The Role of Higher Education
What if higher education were to take a leadership role, as it did in the space race and the war on cancer, in preparing students, and providing the information and knowledge to achieve a just and sustainable society? What would higher education look like? A college or university would operate as a fully integrated community that models social and biological sustainability itself and in its interdependence with the local, regional and global community.
The educational experience would be aligned with principles of sustainability. The context of learning would make the human/environment interdependence, values, and ethics a seamless and central part of teaching of all the disciplines. The content of learning would reflect interdisciplinary systems thinking, dynamics, and analysis for all majors and disciplines with the same lateral rigor across as the vertical rigor within the disciplines. The process of education would emphasize active, experiential, inquiry-based learning and real- world problem-solving on the campus and in the larger community. Higher education would practice sustainability in operations, planning, facility design, purchasing, and investments connected with the formal curriculum. Higher education would form partnerships with local and regional communities to help make them sustainable as an integral part of higher education’s mission and the student experience.

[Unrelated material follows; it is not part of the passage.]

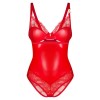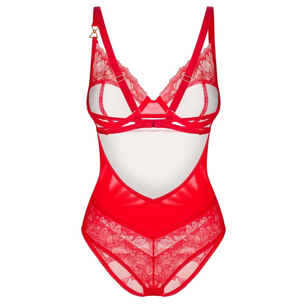 O body Aliosa da Obsessive tem um estilo sedutor e uma cor vermelha sensual - é feito de um belo material brilhante e liso e de uma delicada renda floral transparente. É também macio e elástico para um ajuste muito confortável. Há um discreto pormenor decorativo dourado entre as copas com aros e numa das alças do sutiã. As alças, o fecho de gancho na zona das virilhas e o fecho de gancho nas costas podem ser ajustados à medida.
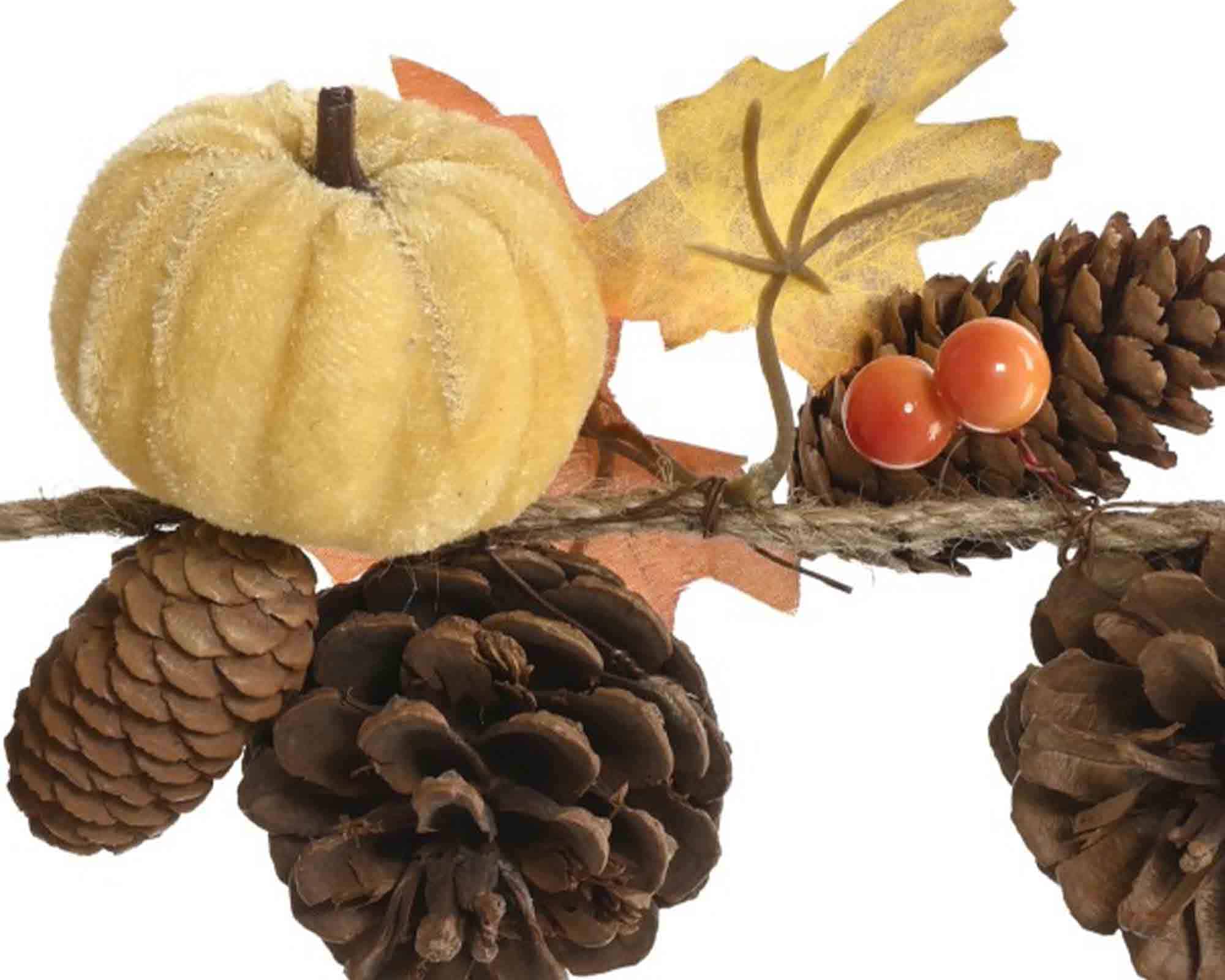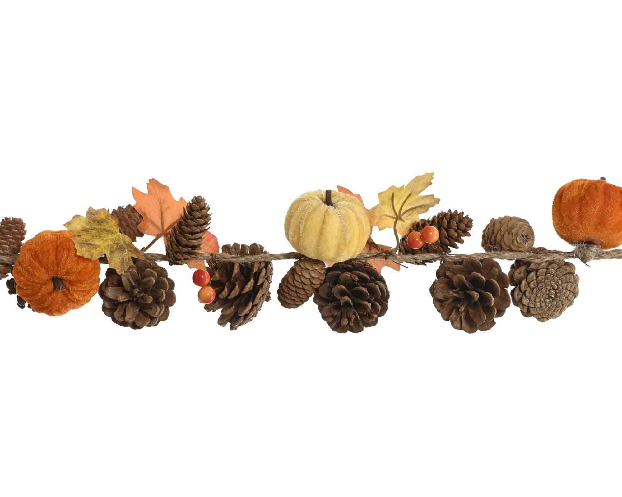 Decorazione Ramo di Ghirlanda con Pigne e Zucche Verde e Arancio 150cm

The Higher Education Response
As you will see throughout this report, there has been exponential growth in distinct programs related to the environmental dimension of sustainability in higher education in the last decade. Exciting environmental studies and graduate programs in every major scientific, engineering and social-science discipline, business, law, public health, ethics, and religion are abundant and growing. Progress on modeling sustain- ability has grown at an even faster rate. Higher education has embraced programs for energy and water conservation, renewable energy, waste minimization and recycling, green buildings and purchasing, alternative transportation, local and organic food growing and “sustainable” purchasing—saving both the environment and money. The rate of increase is unmatched by any other sector of society.The student environmental movement is the most well-organized, largest, and most sophisticated student movement since the anti-war movement of the 1960s.
Unfortunately,higher education is doing a poor job in the health, social, and economic dimensions of sustainability. The overwhelming majority of graduates know little about the importance of sustainability or how to lead their personal and professional lives aligned with sustainability principles.